On Tuesday, privacy-focused messenger Signal published a blog post introducing a number of beta features, among them "Signal Payments," which it described as “a new feature that enables you to send and receive privacy focused payments.” To facilitate these payments, Signal uses payment network MobileCoin, which — as the name suggests — comes with its own coin (MOB). The new payment beta will initially be available to users in the UK.

Unsurprisingly, the move had many Signal users confused. Where only weeks ago, a powerful push triggered by an Elon Musk Tweet had brought hundreds of thousands of users to the app, the sentiment has since changed dramatically. Among the most vocal critics: bitcoiners, who had a lot to say.

In a Tweet, podcast host and author Gigi referenced a Reddit post that included an analysis of the initial MobileCoin Whitepaper. According to the post, 85% of MOB's supply of 250 million tokens had been premined and are owned by a single entity, with the remaining 15% offered in a private presale at $0.80 each. At press time, MOB trades at around $63 on FTX.

The Reddit post pointed out another possible conflict of interest in the involvement of Signal founder Moxie Marlinspike as former CTO MobileCoin.

"Bold move, especially if you are following all this up with 'the bitcoin / lightning UX just isn't there yet'," Gigi commented on the post.

On the topic of privacy, Ricardo Spagni, former lead maintainer of privacy coin Monero, dug up a statement from the MobileCoin foundation, which read, "at MobileCoin, we believe governments have a legitimate interest in regulating the economic lives of their citizens.” 

Although it is unclear how MobileCoin's integration will affect the messenger from a regulatory standpoint, the implications have users alarmed, especially after Signal had gained popularity recently as a more privacy-conscious alternative to WhatsApp.
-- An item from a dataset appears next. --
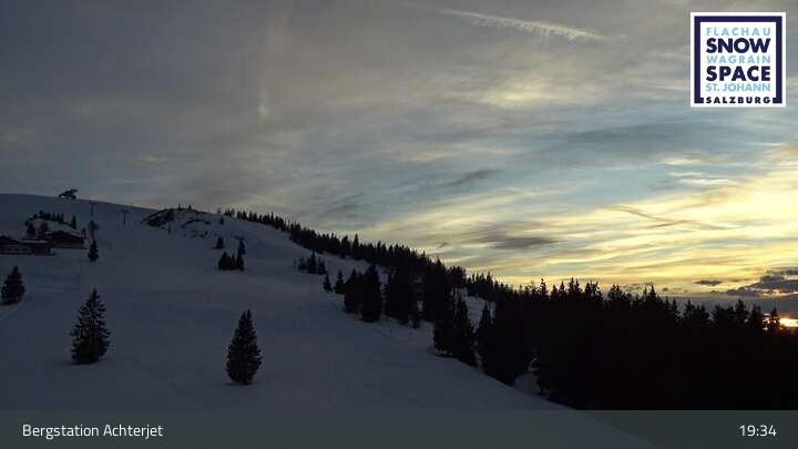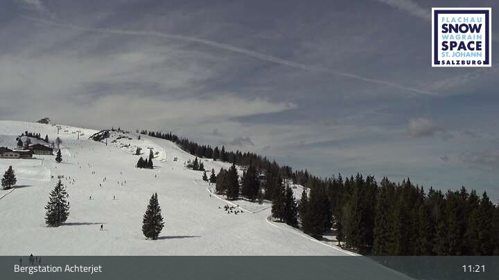View from the top station of Achter Jet in Flachau over the surrounting Alps.

A Twitter user who goes by the name Tim expressed their concerns as follows:

I feel betrayed by @signalapp. I fought hard to bring my contacts over from other messaging platforms. People graciously put up with my elevator pitch, and finally started to see the need after things got ugly last year. All of that, so you can bundle in a garbage ICO?
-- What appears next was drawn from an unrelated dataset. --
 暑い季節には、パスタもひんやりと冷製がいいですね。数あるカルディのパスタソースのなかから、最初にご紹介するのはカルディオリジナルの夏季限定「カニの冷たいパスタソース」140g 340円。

Much of the recent criticism is further directed at MobileCoin's claim of being a decentralized cryptocurrency, which Peter Todd heavily criticized in a Twitter thread. The cryptographer named, among other things, MobileCoin's use of the Stellar and Ripple protocol, its dependence on Amazon S3 for the distribution of blockchain data, and its reliance on Intel SGX, which prevents other developers from working on it and thus conflicts with the basic idea of an open and free protocol.

Furthermore, voices were raised among the community to implement Bitcoin and make use of the Lightning Network instead, to which Moxie said his “impression is that it has a little ways to go still” when it comes to development and user experience. He did not specify why Signal gave priority to MobileCoin.

Zap founder Jack Mallers went as far as to say that “using [Lightning] is not only the correct approach but likely the only one,” when discussing whether Lightning would be ready for beta testing on the Signal app. As a second layer solution to Bitcoin, fast payments make up one of Lightning's core use cases, which is why many bitcoiners are disappointed to see their (once) favorite messenger go down another path.

While many see the implementation of MobileCoin into Signal as problematic and anticipate regulatory problems and a dent in Signal's image as a privacy-focused and censorship-resistant messenger, some seem to find the idea quite appealing; Coinbase CEO Brian Armstrong commented on the announcement that he was "excited for this."